Investment risk and project analysis Flashcards
Determine which of the following statements regarding investment risk measures is TRUE.
A
The downside standard deviation is the square root of the variance.
B
Since the semi-variance only cares about the downside risk rather than the upside variability, the semi-variance can be negative.
C
If X is a random variable that represents the investment gain in a security over one period and the Value-at-Risk of X at α=5% is 1%, then there is a 95% probability that the investment gain over one period will be no more than 1%.
D
If X is a random variable that represents the investment gain in a security over one period and the Value-at-Risk of X at α=5% is 1%, then there is a 95% probability that the investment gain over one period will be more than 1%.
E
Value-at-Risk is more conservative than Tail-Value-at-Risk.
D
If X is a random variable that represents the investment gain in a security over one period and the Value-at-Risk of X at α=5% is 1%, then there is a 95% probability that the investment gain over one period will be more than 1%.
Statement A is false:
The downside standard deviation is the square root of the semi-variance.
Statement B is false:
Semi-variance must be non-negative. Even though all of the terms in min(0,R−E[R]) are non-positive, the terms are then squared, resulting in a value that is non-negative.
Statement E is false:
Tail-Value-at-Risk is more conservative than Value-at-Risk as it provides a greater buffer against adverse outcomes.

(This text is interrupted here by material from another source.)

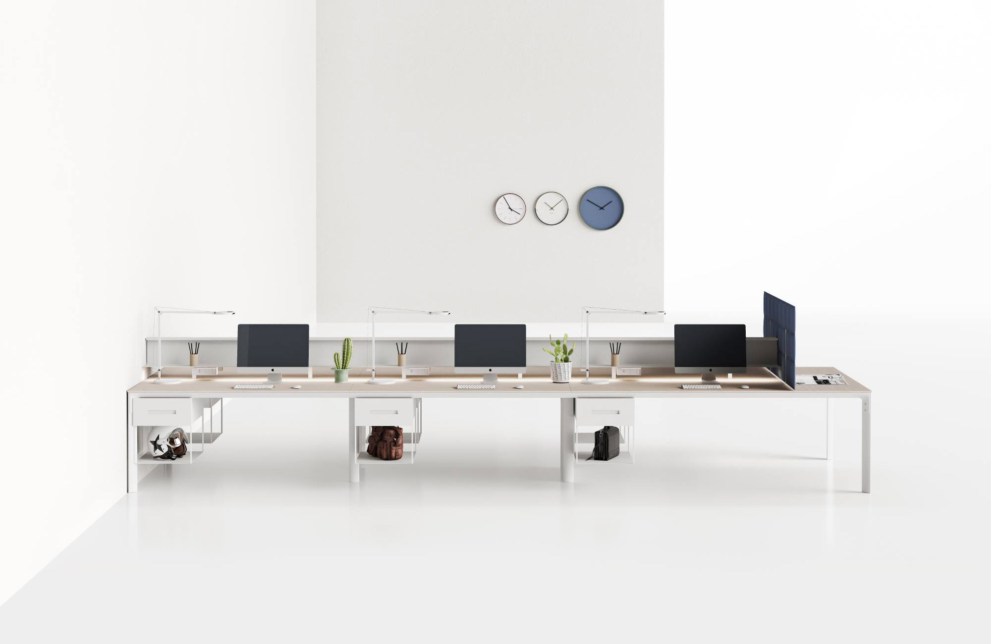 The office work environment is becoming more and more versatile. It is not only a place to work, but also to meet and chat, to eat and drink, to rest and relax and to do many other activities. The office system Fusion is what makes architecture functional and is what helps people do various activities in office. Every detail is carefully designed around people’s behaviors and activities in office space. There are designated storage spaces for personal and workplace belongings, to articulate and get better management of space. A variety of configurations create different atmospheres and landscapes, which are not only for solo and collaborative working, but also for impromptu meetings and short breaks in a more relaxed, home-like and less institutionalized environment. The office system FUSION is a “low-tech” product solution designed for a smart workplace, which requires an integrated behavioural approach to the office space based around new lifestyle and work-style trends, like co-sharing and co-working spaces. The workplace should be like a kind of social network, but with real people who want to express their personalities and individual characters even when they are working as a team. The furniture develops in height and length by connecting different leg configurations according to the client’s necessities. The Fusion system basically consists of: • a first level of single desks, available in multiple configurations with or without sliding tops. The desk tops open above a central cables tray to make it easy and user-friendly the access to plug bars and data connections. • On top of the desk height 73cm, the second and third levels (110 and 150 cm) are introduced to be able to add various functions. • Screens can be added to the second level and shelves can be added to the second and third levels. The screens are available with elastic bands that hold business cards and documents and/or pockets to keep magazines and newspapers. Under the rectangular shelves, hidden hooks can be added to hang personal belongings and small accessories. The round shelf fixed to the 40 x 40 mm structures functions as an integrated coat stand thanks to the hooks under the round shelf. • “Charger boxes” fitted with plug bars serve as a desktop height accessory for smartphones and tablets when batteries are low. Charger boxes have a space at the top dedicated for stationaries such as pens, clips and staplers, or small plants for people who like to personalize their space. • Stand-up “touch-down” semi-circular tops are available at 110 cm height which can be used for a work place or for “chatting”. • Below the desktop height, “storage boxes” are available for personal belongings such as work bags and computer bags. Also, hooks are provided externally for other personal objects. • The Fusion system includes a range of sofas which can be integrated into the layout for dedicated lounge and informal meeting areas in and around the desks. Low tables can be combined with the sofas and the charger boxes can also be placed on the tables for phone charging or laptops connection. • The structure goes up to 220 cm in height. A fabric roof creates a more intimate “hub” working situation. It also gives you a relaxed and home-like environment, with a feeling of working at a terrace outdoor.

Determine which of the following statements regarding project risk analysis is TRUE.
A
When break-even analysis is used, we calculate the value of each parameter so that the project has an IRR of zero.
B
The IRR is the rate at which NPV is zero.
C
Scenario analysis involves changing the input variables one at a time to see how NPV changes.
D
Sensitivity analysis explores how IRR changes when various desired subsets of the complete set of model variables are changed simultaneously
E
In a Monte Carlo simulation, input variables are assumed to be independent with each other.
B
The IRR is the rate at which NPV is zero.